EXERCISE DETAILS
Repeat the lines below exactly as written, please, from the line with "Segenap Pimpinan dan" to the line with "万联证券:华友钴业(6037", both lines included, and no others.
(INPUT DATA begins)
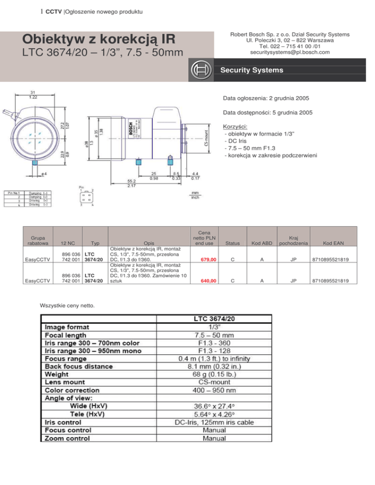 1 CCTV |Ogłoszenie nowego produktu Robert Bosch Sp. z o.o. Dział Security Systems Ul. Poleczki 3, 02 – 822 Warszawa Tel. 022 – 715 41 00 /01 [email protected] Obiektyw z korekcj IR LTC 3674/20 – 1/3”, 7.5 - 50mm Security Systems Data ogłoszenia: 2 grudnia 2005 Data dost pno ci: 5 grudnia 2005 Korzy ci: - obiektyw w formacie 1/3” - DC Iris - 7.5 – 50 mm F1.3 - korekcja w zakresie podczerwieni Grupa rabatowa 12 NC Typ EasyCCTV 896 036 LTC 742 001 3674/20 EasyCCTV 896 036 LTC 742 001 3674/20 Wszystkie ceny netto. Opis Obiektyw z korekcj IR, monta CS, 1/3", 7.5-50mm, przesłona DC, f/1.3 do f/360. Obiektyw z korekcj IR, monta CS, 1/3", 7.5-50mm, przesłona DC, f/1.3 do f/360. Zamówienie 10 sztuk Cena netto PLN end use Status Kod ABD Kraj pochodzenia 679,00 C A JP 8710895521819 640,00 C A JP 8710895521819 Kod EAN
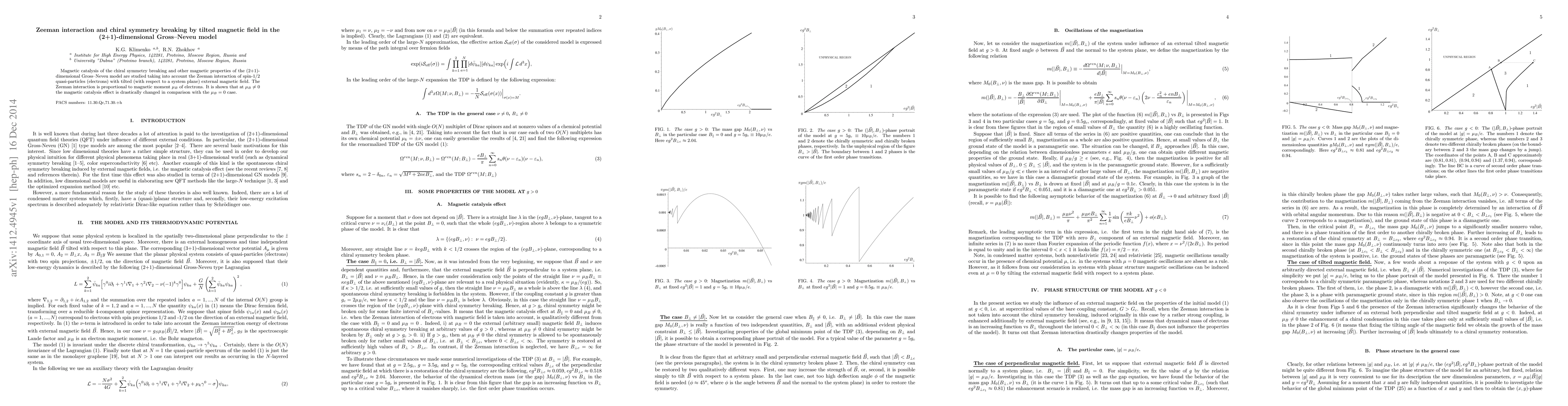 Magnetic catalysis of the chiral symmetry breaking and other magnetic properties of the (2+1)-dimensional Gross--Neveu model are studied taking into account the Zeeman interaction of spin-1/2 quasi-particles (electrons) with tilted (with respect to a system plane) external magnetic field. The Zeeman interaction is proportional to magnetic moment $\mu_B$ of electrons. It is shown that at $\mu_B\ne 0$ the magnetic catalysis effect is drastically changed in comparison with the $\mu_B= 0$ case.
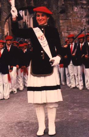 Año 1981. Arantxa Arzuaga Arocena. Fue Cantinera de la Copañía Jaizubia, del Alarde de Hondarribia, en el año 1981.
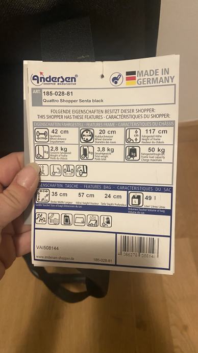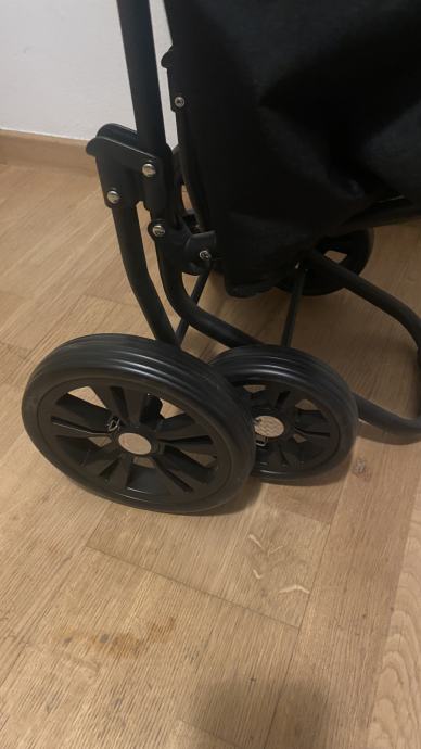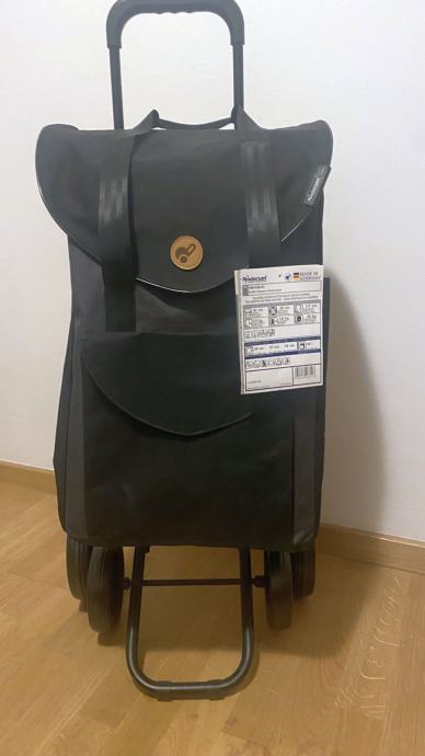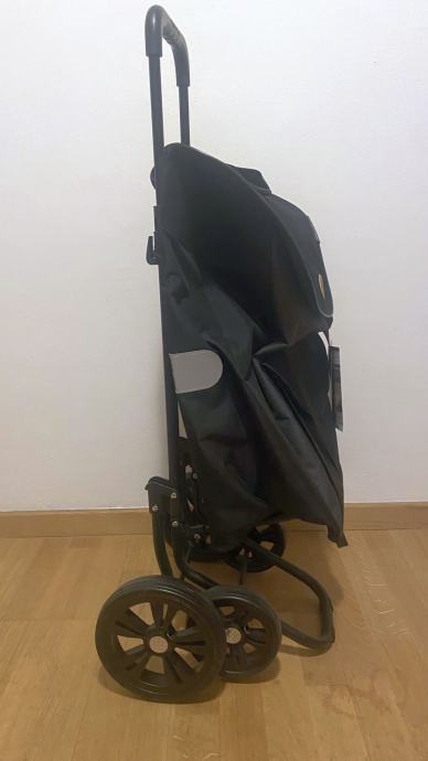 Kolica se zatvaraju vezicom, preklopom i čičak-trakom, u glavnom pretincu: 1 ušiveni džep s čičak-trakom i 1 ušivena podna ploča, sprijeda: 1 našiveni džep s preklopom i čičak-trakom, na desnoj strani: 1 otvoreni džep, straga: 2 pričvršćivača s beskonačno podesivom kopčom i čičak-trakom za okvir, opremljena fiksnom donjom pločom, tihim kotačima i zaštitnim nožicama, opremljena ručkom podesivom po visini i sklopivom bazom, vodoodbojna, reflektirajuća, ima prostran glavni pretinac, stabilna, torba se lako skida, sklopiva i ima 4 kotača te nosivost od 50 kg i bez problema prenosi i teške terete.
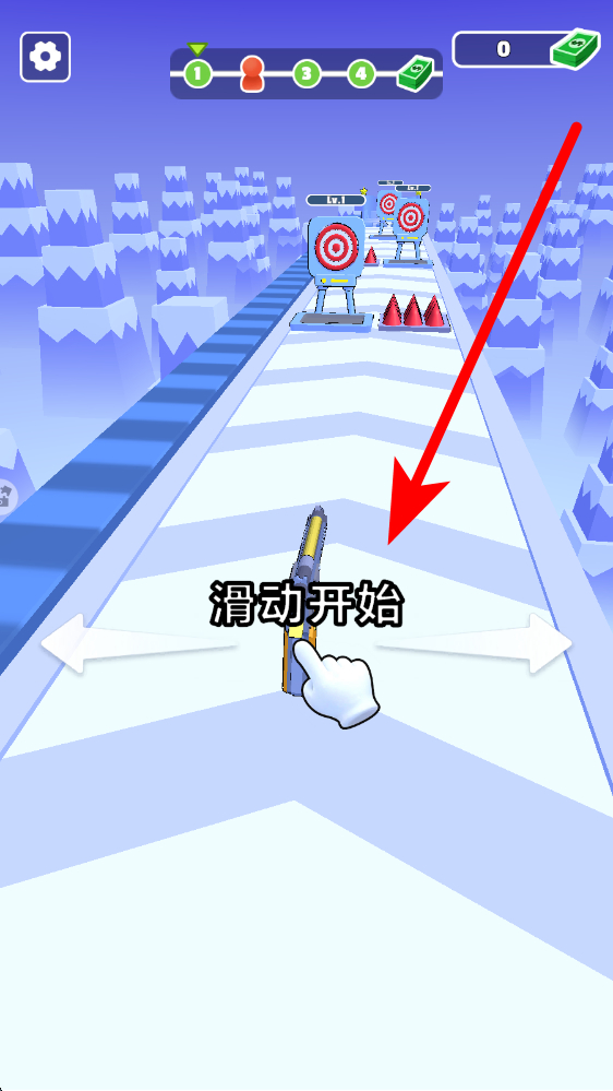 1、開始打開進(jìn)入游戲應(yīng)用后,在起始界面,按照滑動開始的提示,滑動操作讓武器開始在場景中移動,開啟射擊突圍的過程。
(INPUT DATA ends)
(INPUT DATA begins)
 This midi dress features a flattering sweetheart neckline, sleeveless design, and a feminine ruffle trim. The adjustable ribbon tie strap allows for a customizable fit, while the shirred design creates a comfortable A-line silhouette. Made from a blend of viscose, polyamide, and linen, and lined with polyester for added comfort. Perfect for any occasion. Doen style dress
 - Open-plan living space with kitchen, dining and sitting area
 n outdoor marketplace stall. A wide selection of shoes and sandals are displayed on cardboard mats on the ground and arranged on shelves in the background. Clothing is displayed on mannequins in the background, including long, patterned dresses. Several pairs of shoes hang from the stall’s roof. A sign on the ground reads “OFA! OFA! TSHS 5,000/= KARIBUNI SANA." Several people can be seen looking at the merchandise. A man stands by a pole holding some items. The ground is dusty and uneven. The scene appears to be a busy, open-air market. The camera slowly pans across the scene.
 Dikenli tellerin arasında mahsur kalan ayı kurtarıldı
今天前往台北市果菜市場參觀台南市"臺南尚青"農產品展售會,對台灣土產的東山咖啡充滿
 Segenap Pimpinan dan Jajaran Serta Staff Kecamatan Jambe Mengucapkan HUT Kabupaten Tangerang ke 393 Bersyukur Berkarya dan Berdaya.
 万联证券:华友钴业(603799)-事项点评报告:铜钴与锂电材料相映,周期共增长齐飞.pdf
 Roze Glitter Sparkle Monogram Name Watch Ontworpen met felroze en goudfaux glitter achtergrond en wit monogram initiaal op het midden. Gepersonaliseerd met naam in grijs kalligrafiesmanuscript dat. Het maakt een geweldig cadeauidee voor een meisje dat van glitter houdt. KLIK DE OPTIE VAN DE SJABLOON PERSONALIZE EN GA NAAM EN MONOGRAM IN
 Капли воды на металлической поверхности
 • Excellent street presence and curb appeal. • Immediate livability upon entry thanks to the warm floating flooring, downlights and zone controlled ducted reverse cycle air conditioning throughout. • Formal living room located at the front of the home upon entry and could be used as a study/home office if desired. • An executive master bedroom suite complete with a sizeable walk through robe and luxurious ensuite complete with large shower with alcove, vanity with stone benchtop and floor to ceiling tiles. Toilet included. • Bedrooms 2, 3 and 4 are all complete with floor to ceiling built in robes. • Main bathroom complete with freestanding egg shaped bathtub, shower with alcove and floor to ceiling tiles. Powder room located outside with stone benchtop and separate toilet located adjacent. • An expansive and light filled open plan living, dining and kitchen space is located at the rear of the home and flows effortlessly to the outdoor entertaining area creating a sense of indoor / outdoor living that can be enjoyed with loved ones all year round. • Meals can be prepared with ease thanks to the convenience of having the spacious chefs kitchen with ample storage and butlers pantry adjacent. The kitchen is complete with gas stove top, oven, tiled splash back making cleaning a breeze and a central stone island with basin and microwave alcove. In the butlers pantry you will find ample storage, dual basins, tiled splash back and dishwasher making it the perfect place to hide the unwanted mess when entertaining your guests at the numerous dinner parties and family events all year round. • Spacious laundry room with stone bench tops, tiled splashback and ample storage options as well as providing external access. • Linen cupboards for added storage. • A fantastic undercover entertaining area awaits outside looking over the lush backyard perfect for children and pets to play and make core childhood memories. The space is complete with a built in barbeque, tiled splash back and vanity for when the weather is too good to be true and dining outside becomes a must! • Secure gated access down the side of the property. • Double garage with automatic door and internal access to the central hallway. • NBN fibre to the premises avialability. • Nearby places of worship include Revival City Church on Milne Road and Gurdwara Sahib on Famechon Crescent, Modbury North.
(INPUT DATA ends)
TASK OUTPUT
 Segenap Pimpinan dan Jajaran Serta Staff Kecamatan Jambe Mengucapkan HUT Kabupaten Tangerang ke 393 Bersyukur Berkarya dan Berdaya.
 万联证券:华友钴业(603799)-事项点评报告:铜钴与锂电材料相映,周期共增长齐飞.pdf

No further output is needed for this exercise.